The only difference is just some ril files and build prop edits. Everything else is pretty much identical

Sent from my Galaxy Nexus using RootzWiki


----------



## kenkoshko (Jul 23, 2011)

jdkoreclipse said:


> The only difference is just some ril files and build prop edits. Everything else is pretty much identical
> 
> Sent from my Galaxy Nexus using RootzWiki


Can I just use 7zip to swap them out or do I have to decompile and what not?

Sent from my Galaxy Nexus using Tapatalk 2


----------



## jdkoreclipse (Jun 16, 2011)

kenkoshko said:


> Can I just use 7zip to swap them out or do I have to decompile and what not?
> 
> Sent from my Galaxy Nexus using Tapatalk 2


You could use 7z.

Sent from my Galaxy Nexus using RootzWiki


----------



## kenkoshko (Jul 23, 2011)

jdkoreclipse said:


> You could use 7z.
> 
> Sent from my Galaxy Nexus using RootzWiki


Thanks for your help!

Sent from my Galaxy Nexus using Tapatalk 2


----------



## WhataSpaz (Feb 20, 2012)

Kinda wanted to try slim ics. Is that what you wanted to port?


----------



## kenkoshko (Jul 23, 2011)

WhataSpaz said:


> Kinda wanted to try slim ics. Is that what you wanted to port?


I did see that one.
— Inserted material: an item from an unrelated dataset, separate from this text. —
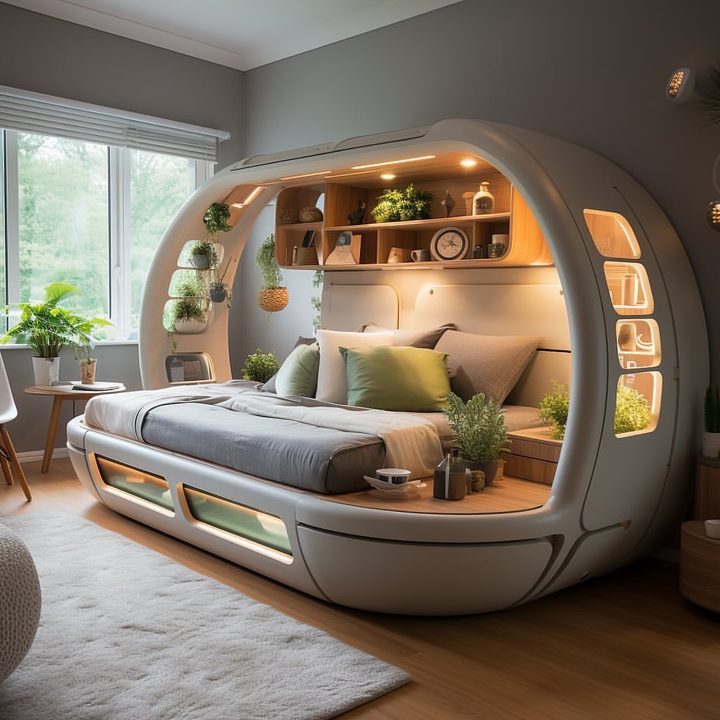 Plants, wood, and soft lighting transform this high-tech bedroom into a serene, eco-inspired sanctuary. The capsule-like bed integrates shelves, lighting, and greenery, creating a miniature habitat that feels both futuristic and grounded.

Actually I just wanted to see if I could do it for starters really any of them just to get a feel for porting. If I get some time this week I'll poke around with slim

Sent from my Galaxy Nexus using Tapatalk 2


----------



## masri1987 (Jun 29, 2011)

WhataSpaz said:


> Kinda wanted to try slim ics. Is that what you wanted to port?
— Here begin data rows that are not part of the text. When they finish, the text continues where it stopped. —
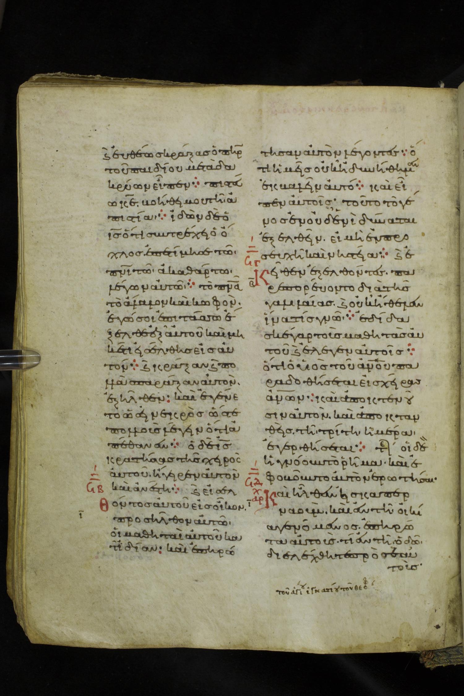 Eleventh century minuscule of the Gospels on parchment; 219 leaves, 2 columns, 26 lines per column. Images were taken at the National Library of Greece in Athens.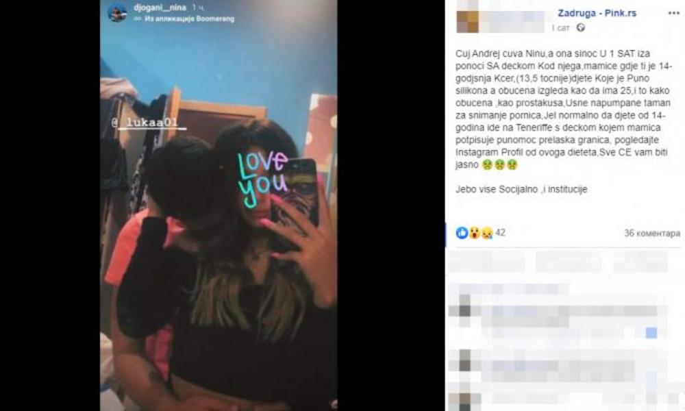 - Čuj, Andrej čuva Ninu, a ona sinoć u 1 sat iza ponoći sa dečkom kod njega. Mamice, gde ti je 14 - ogodišnja kćer (13,5 tačno). Dete, koje je puno silikona, obučena, a izgleda kao da ima 25 i to kako obučena, kao prostakuša. Jel' normalno da dete od 14 godina ide na Tenerife sa dečkom, kojem mamica potpisuje punomoć prelaska granica - pisalo je u opisu Ninine fotografije sa dečkom koju je objavila na svom Instagram profilu, a fanovi objavili na oficijalnu Fejsbuk stranicu "Zadruge".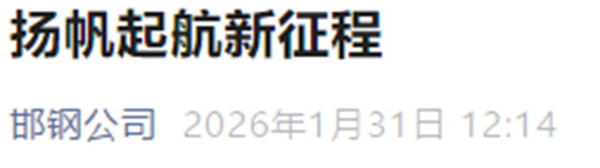 1月31日,邯钢公司微信公众号发布《扬帆起航新征程》一文。

i too wanna try slim ics -


----------



## kenkoshko (Jul 23, 2011)

im testing out porting a gsm, and i replaced some ril files and changed the build prop. I got phone calls to work, and the phone states its on verizon and lte but no data and no texting


----------



## Largeselection (Aug 19, 2011)

I know this is an old topic, but did you ever figure out how to successfully do this? If anything, I'm just curious.


----------



## iwasaperson (Sep 4, 2011)

It's extremely easy.

1. Replace the vender folder in /system with a VZW (or Sprint/GSM) one. Then replace /system/etc/apns-conf.xml with a VZW (or Sprint/GSM) one.
2. Edit the build.prop so it will look like a VZW (or Sprint/GSM) one


----------



## cowsquad (Dec 19, 2011)

iwasaperson said:


> It's extremely easy.
> 
> 1. Replace the vender folder in /system with a VZW (or Sprint/GSM) one. Then replace /system/etc/apns-conf.xml with a VZW (or Sprint/GSM) one.
> 2. Edit the build.prop so it will look like a VZW (or Sprint/GSM) one


is really that easy

Sent from my Galaxy Nexus using Tapatalk 4 Beta


----------